Abstract:
Erdheim-Chester disease (ECD) is a rare and probably fatal multisystemic non-Langerhans cell histiocytosis (LCH). To comprehensively investigate the clinical features, genomic analysis, treatments, and prognostic factors of ECD, we retrospectively analyzed the clinical data of 75 ECD patients and 10 mixed LCH and ECD patients in our center. The median age at diagnosis was 46 years (range, 5-70). ECD patients were older at diagnosis (p = 0.006) and had more cardiac involvement (p = 0.011) as well as vascular (p = 0.031) involvement compared to mixed LCH and ECD patients. 64.8% of ECD patients and 87.5% of mixed LCH and ECD patients carried BRAFV600E mutation. The BRAFV600E mutation correlated with a greater number of affected organs (p = 0.030) and was associated with lung involvement (p = 0.033) as well as pleural involvement (p = 0.002). The median follow-up time was 38 months (range, 1-174). The estimated 5-year progression-free survival (PFS) and overall survival (OS) were 48.9% and 84.7%, respectively.

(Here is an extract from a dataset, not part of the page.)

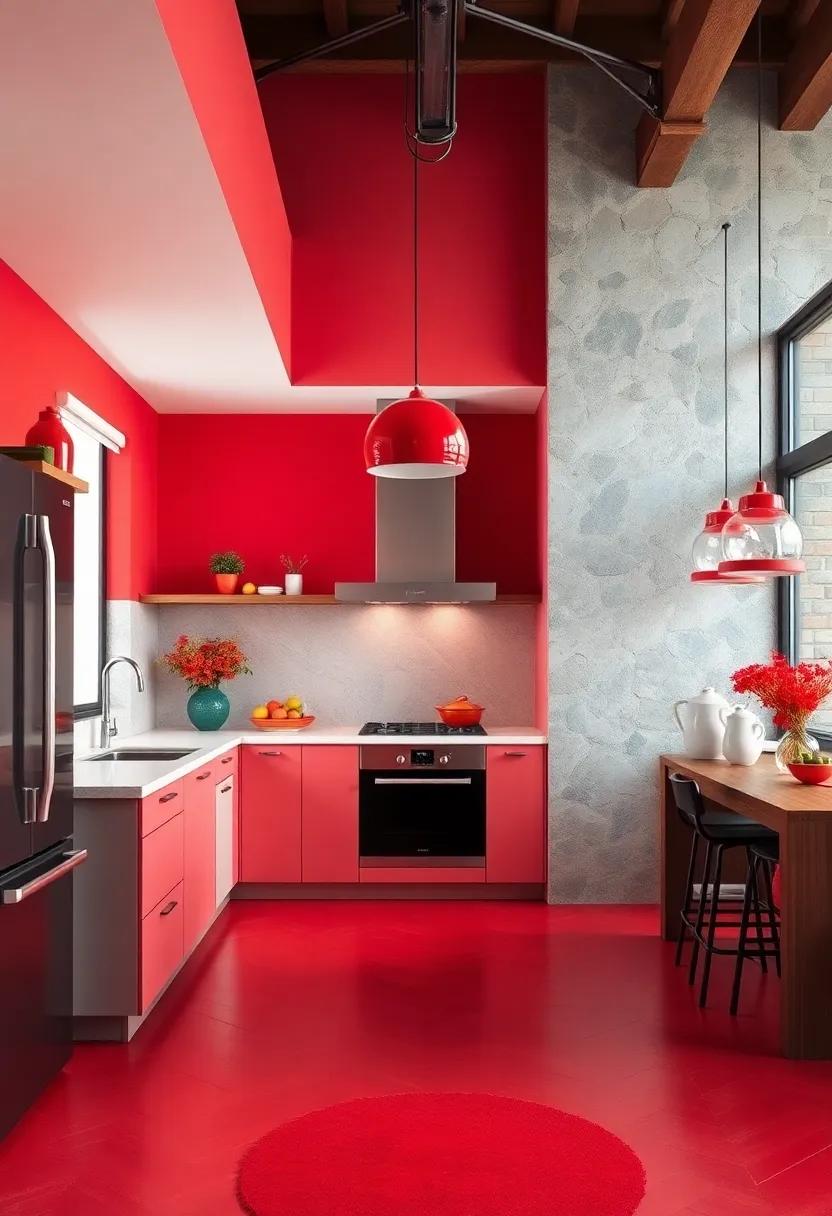 Transform your kitchen with a striking statement wall that bursts with energy and passion through the use of bold red paint. This vibrant color not only commands attention but also invigorates your cooking space, making it a central hub for creativity and gathering. A red accent wall can serve as the perfect backdrop for contemporary artwork or sleek kitchen utensils, tying together the decor while keeping the ambiance alive. Consider the following elements to enhance the visual appeal:

In a multivariate analysis, right atrial pseudotumor (p = 0.013) and pancreatic involvement (p = 0.005) predicted worse OS, while pleural (p = 0.042) and central nervous system (CNS) involvement (p = 0.043) predicted worse PFS. Our study described the clinical spectrum of ECD and mixed LCH and ECD, while also revealed the prognostic value of right atrial pseudotumor and pancreatic, pleural, and CNS involvement for worse survival.
摘要:
Erdheim-Chester病(ECD)是一种罕见且可能致命的多系统非朗格汉斯细胞组织细胞增生症(LCH)。全面探讨临床特点,基因组分析,治疗,和ECD的预后因素,我们回顾性分析了75例ECD患者和10例混合LCH和ECD患者的临床资料。诊断时的中位年龄为46岁(范围,5-70).与混合LCH和ECD患者相比,ECD患者在诊断时年龄较大(p=0.006),并且心脏受累(p=0.011)和血管受累(p=0.031)更多。64.8%的ECD患者和87.5%的混合LCH和ECD患者携带BRAFV600E突变。BRAFV600E突变与更多的受累器官(p=0.030)相关,并与肺受累(p=0.033)以及胸膜受累(p=0.002)相关。中位随访时间为38个月(范围,1-174)。估计5年无进展生存期(PFS)和总生存期(OS)分别为48.9%和84.7%,分别。在多变量分析中,右房假瘤(p=0.013)和胰腺受累(p=0.005)预测OS恶化,胸膜(p=0.042)和中枢神经系统(CNS)受累(p=0.043)预测PFS较差。我们的研究描述了ECD和混合LCH和ECD的临床谱,同时也揭示了右心房假瘤和胰腺的预后价值,胸膜,和中枢神经系统的参与使生存更差。